● **Work instruction**:
Line by line, print the records exactly, and keep images out of the copy.

** Given records follows **

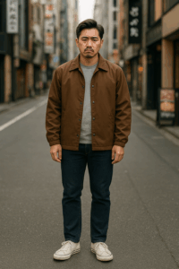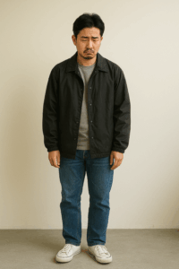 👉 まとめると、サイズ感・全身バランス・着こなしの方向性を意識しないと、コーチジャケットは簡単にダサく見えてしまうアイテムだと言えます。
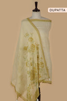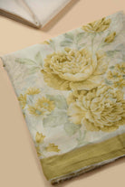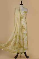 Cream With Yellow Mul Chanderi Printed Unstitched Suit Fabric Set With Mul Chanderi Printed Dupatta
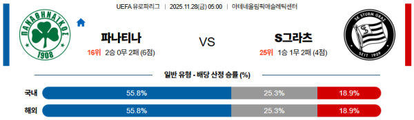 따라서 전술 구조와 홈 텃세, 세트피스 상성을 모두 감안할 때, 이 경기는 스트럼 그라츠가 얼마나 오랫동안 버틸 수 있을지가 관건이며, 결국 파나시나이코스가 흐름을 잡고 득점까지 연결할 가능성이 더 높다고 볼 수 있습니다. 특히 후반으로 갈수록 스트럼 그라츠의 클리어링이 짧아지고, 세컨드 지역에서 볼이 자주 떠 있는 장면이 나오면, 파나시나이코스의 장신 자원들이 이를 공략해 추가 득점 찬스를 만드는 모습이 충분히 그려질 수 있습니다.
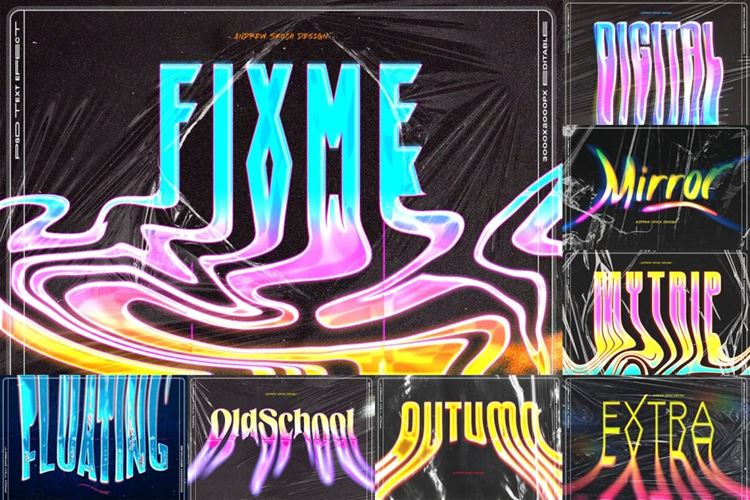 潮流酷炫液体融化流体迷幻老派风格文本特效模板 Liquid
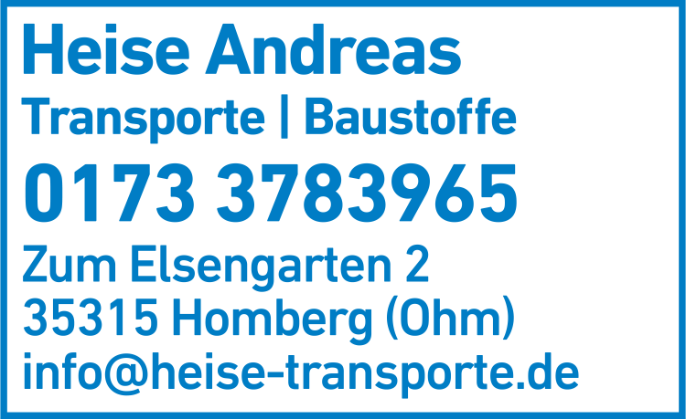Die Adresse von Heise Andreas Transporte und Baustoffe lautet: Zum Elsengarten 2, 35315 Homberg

** End of Given records **

● **Exercise response**:
 👉 まとめると、サイズ感・全身バランス・着こなしの方向性を意識しないと、コーチジャケットは簡単にダサく見えてしまうアイテムだと言えます。
 Cream With Yellow Mul Chanderi Printed Unstitched Suit Fabric Set With Mul Chanderi Printed Dupatta
 따라서 전술 구조와 홈 텃세, 세트피스 상성을 모두 감안할 때, 이 경기는 스트럼 그라츠가 얼마나 오랫동안 버틸 수 있을지가 관건이며, 결국 파나시나이코스가 흐름을 잡고 득점까지 연결할 가능성이 더 높다고 볼 수 있습니다. 특히 후반으로 갈수록 스트럼 그라츠의 클리어링이 짧아지고, 세컨드 지역에서 볼이 자주 떠 있는 장면이 나오면, 파나시나이코스의 장신 자원들이 이를 공략해 추가 득점 찬스를 만드는 모습이 충분히 그려질 수 있습니다.
 潮流酷炫液体融化流体迷幻老派风格文本特效模板 Liquid
Die Adresse von Heise Andreas Transporte und Baustoffe lautet: Zum Elsengarten 2, 35315 Homberg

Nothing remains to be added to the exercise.